Adding a Novel Antibody to Anti–PD-1 Immunotherapy for Metastatic NSCLC

By: Julia Fiederlein Cipriano
Posted: Friday, January 6, 2023

According to Melissa Lynne Johnson, MD, of the Sarah Cannon Cancer Center, Nashville, and colleagues, the addition of the Fc-silent anti–T-cell immunoglobulin and ITIM domains (TIGIT) monoclonal antibody domvanalimab to anti–PD-1 immunotherapy with zimberelimab resulted in improvements in progression-free survival and overall response rate in treatment-naive patients with metastatic, PD-L1–high non–small cell lung cancer (NSCLC). This interim analysis of the phase II ARC-7 trial, which was presented in the December 2022 American Society of Clinical Oncology (ASCO) Plenary Series (Abstract 397600), suggested the evaluated combination regimens were also well tolerated.

“We are particularly encouraged by the number of patients benefiting at 6 months, as evidenced by tumors being stable or shrinking,” commented Dr. Johnson in an ASCO press release. “The data will continue to mature with longer follow-up.”

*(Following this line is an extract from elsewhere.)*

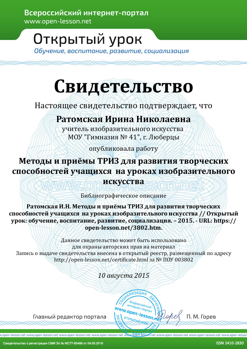 Целью системы образования является не только усвоение системы знаний, умений и навыков, составляющих инструментальную основу компетенций учащегося, но и всестороннее развитие личности, обретение духовно-нравственного опыта и социальной компетентности. В связи с переходом отечественной системы образования на ФГОС второго поколения усилилась потребность в совершенствовании методов и приёмов работы, которые позволят развить в учащихся индивидуальность, самостоятельность мышления, способность к решению сложных жизненных задач нестандартными методами [1]. Помощником в решении этих задач может служить инновационная педагогическая система НФТМ-ТРИЗ профессора М. М. Зиновкиной. ТРИЗ – это научно-практическое направление по разработке и применению эффективных методов решения творческих задач. Цель данной системы НФТМ-ТРИЗ: обеспечение становления, т. е. формирования и развития, творческой личности обучаемого. А творческая личность – это личность, обладающая системным мышлением, способная решать творческие задачи любого уровня творчества. Система НФТМ-ТРИЗ основана на поисково-познавательной деятельности учащихся, начиная с самого раннего детского возраста [2, 3]. Побуждение ребёнка к творчеству открывает для него путь к раскрытию своей индивидуальности, к реализации своих способностей. [2]. Широкое распространение получают нетрадиционные виды уроков, способствующие развитию творческой активности школьников. Уроки изобразительного искусства имеют большое значение в системе обучения и воспитания учащихся образовательной школы. Ведь они таят в себе огромный творческий потенциал, дают много возможностей для самовыражения, саморазвития, а в комплексе с другими учебными предметами оказывают заметное развивающее воздействие на ребёнка.

Patients with stage IV disease were randomly assigned to receive zimberelimab alone (n = 50) or in combination with either domvanalimab (n = 49) or domvanalimab plus the dual adenosine receptor antagonist etrumadenant (n = 50); of this study population, 133 were evaluable for efficacy. The overall response rate was lower with zimberelimab monotherapy (27%) than with zimberelimab plus domvanalimab (41%) and zimberelimab plus domvanalimab and etrumadenant (40%); the median durations of progression-free survival were 5.4, 12.0, and 10.9 months, respectively. The 6-month progression-free survival rate was 43% with zimberelimab monotherapy, 65% with zimberelimab plus domvanalimab, and 63% with zimberelimab plus domvanalimab and etrumadenant.

Treatment-emergent adverse events of grade 3 or higher were reported in 58% of those given zimberelimab monotherapy, 47% of patients who received zimberelimab plus domvanalimab, and 52% of those given zimberelimab plus domvanalimab and etrumadenant. All cases of rash were grade 1 or 2, manageable with topical corticosteroids, and most commonly reported with zimberelimab plus domvanalimab and etrumadenant.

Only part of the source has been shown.